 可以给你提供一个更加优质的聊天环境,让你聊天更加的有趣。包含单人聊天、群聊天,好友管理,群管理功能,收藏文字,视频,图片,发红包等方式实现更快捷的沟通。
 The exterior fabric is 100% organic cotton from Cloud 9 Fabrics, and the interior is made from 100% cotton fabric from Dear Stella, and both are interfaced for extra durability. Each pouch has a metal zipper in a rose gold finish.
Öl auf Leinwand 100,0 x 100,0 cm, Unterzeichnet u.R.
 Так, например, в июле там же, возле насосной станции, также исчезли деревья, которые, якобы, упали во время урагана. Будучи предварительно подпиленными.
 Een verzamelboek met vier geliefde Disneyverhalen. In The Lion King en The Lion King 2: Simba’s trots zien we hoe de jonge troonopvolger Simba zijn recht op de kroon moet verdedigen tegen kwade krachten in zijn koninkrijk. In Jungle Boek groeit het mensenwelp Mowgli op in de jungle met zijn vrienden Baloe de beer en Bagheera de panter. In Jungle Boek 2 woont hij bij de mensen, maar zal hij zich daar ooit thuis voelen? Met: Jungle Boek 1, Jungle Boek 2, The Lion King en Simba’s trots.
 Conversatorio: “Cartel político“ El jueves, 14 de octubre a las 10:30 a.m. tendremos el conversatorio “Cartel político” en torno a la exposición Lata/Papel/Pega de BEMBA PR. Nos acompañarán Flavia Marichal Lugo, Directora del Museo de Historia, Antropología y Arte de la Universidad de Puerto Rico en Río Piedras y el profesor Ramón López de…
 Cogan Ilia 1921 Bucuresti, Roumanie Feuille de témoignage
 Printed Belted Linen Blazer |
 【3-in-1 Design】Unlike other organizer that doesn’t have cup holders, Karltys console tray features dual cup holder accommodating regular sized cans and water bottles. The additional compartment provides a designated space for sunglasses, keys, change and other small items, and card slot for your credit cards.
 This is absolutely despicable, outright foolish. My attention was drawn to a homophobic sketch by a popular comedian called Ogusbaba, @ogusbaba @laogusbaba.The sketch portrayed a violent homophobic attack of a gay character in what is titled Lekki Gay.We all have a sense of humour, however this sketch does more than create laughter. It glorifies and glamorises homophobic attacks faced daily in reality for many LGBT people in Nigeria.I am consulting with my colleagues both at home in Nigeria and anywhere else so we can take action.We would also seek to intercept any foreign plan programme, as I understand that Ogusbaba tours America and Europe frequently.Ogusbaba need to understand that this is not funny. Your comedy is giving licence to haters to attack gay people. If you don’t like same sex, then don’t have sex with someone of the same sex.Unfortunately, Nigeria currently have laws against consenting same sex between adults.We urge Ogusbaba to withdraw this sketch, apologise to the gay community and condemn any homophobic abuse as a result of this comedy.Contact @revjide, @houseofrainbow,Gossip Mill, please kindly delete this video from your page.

———

**TASK INSTRUCTIONS**: Write out every entry exactly as given.

**REPLY**:
 可以给你提供一个更加优质的聊天环境,让你聊天更加的有趣。包含单人聊天、群聊天,好友管理,群管理功能,收藏文字,视频,图片,发红包等方式实现更快捷的沟通。
 The exterior fabric is 100% organic cotton from Cloud 9 Fabrics, and the interior is made from 100% cotton fabric from Dear Stella, and both are interfaced for extra durability. Each pouch has a metal zipper in a rose gold finish.
Öl auf Leinwand 100,0 x 100,0 cm, Unterzeichnet u.R.
 Так, например, в июле там же, возле насосной станции, также исчезли деревья, которые, якобы, упали во время урагана. Будучи предварительно подпиленными.
 Een verzamelboek met vier geliefde Disneyverhalen. In The Lion King en The Lion King 2: Simba’s trots zien we hoe de jonge troonopvolger Simba zijn recht op de kroon moet verdedigen tegen kwade krachten in zijn koninkrijk. In Jungle Boek groeit het mensenwelp Mowgli op in de jungle met zijn vrienden Baloe de beer en Bagheera de panter. In Jungle Boek 2 woont hij bij de mensen, maar zal hij zich daar ooit thuis voelen? Met: Jungle Boek 1, Jungle Boek 2, The Lion King en Simba’s trots.
 Conversatorio: “Cartel político“ El jueves, 14 de octubre a las 10:30 a.m. tendremos el conversatorio “Cartel político” en torno a la exposición Lata/Papel/Pega de BEMBA PR. Nos acompañarán Flavia Marichal Lugo, Directora del Museo de Historia, Antropología y Arte de la Universidad de Puerto Rico en Río Piedras y el profesor Ramón López de…
 Cogan Ilia 1921 Bucuresti, Roumanie Feuille de témoignage
 Printed Belted Linen Blazer |
 【3-in-1 Design】Unlike other organizer that doesn’t have cup holders, Karltys console tray features dual cup holder accommodating regular sized cans and water bottles. The additional compartment provides a designated space for sunglasses, keys, change and other small items, and card slot for your credit cards.
 This is absolutely despicable, outright foolish. My attention was drawn to a homophobic sketch by a popular comedian called Ogusbaba, @ogusbaba @laogusbaba.The sketch portrayed a violent homophobic attack of a gay character in what is titled Lekki Gay.We all have a sense of humour, however this sketch does more than create laughter. It glorifies and glamorises homophobic attacks faced daily in reality for many LGBT people in Nigeria.I am consulting with my colleagues both at home in Nigeria and anywhere else so we can take action.We would also seek to intercept any foreign plan programme, as I understand that Ogusbaba tours America and Europe frequently.Ogusbaba need to understand that this is not funny. Your comedy is giving licence to haters to attack gay people. If you don’t like same sex, then don’t have sex with someone of the same sex.Unfortunately, Nigeria currently have laws against consenting same sex between adults.We urge Ogusbaba to withdraw this sketch, apologise to the gay community and condemn any homophobic abuse as a result of this comedy.Contact @revjide, @houseofrainbow,Gossip Mill, please kindly delete this video from your page.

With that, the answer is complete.